外資系で言うとゴールドマン・サックスとかモルガン・スタンレーとか、日本でいうと野村証券、大和証券こういったところがこれらの会社の株式をいかにどの会社に売ろうかと、しかも投資銀行としてはより少しでも高い金額で売ろうとしてきます。
当然、売り手としてもより高い金額で買ってくれるところを探している訳です。
実は私自身がこの投資銀行にかつて所属していたこともありまして、その辺は手に取るように分かるのですが、高く買ってくれるところはないかなと探していた時に、この日立の中期経営計画を見てみます。
ここで2021中期経営計画という中で2兆円から2.5兆円の買収をするというようなことをすでに言っています。
およそ1兆円はすでに使ったのですが、まだ1兆円の枠が残っています。
この1兆円の枠というところに対して、投資銀行はいかに企業を売ってねじ込むかということを考えます。
これを実際の具体的な数値まで公表しているというような、もはや日立は隙だらけだったということができます。

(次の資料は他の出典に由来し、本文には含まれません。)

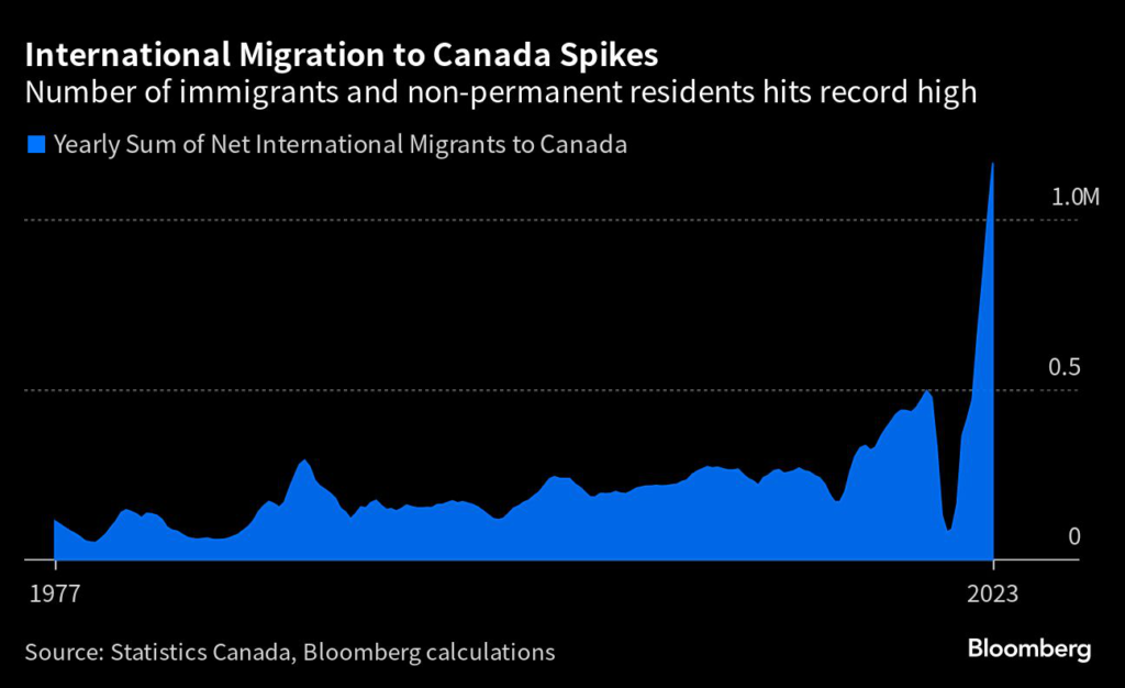 Rapid population growth has added labor supply to an economy that’s in need of more workers, but it also boosts consumption and housing demand at a time the Bank of Canada is trying to tamp down growth and tame inflation.

しかも大企業ですから、一度決めた計画をそう簡単に動かすことはできません。
そんな中でこのファンドと投資銀行というところが一緒になって、日立というところを見つけ出して買い手として選んだのではないかと思います。
もちろん日立だけではなくて、いろんな会社を実は競争させたと思います。
しかし日立がどうしても欲しいということになったからこそ、これだけ高い金額につり上がってしまったのではないかと思います。
妥当な金額は3分の1
正直な妥当な金額で見たら3分の1ぐらいの値段であってもおかしくないような案件ではないかと思います。
ちなみに売ったのは実は投資ファンドだけではなくて、その他にも個人・経営者等が10%を保有していました。彼らも日立に株を売って、現金が入って万々歳ということになりました。
おそらくしばらくは経営陣として残るかもしれませんが、やはりそういう人達はやがて出ていくものです。
そうやって経営陣を失って、果たして日立が上手くコントロールできるのかという疑問もまだ残っています。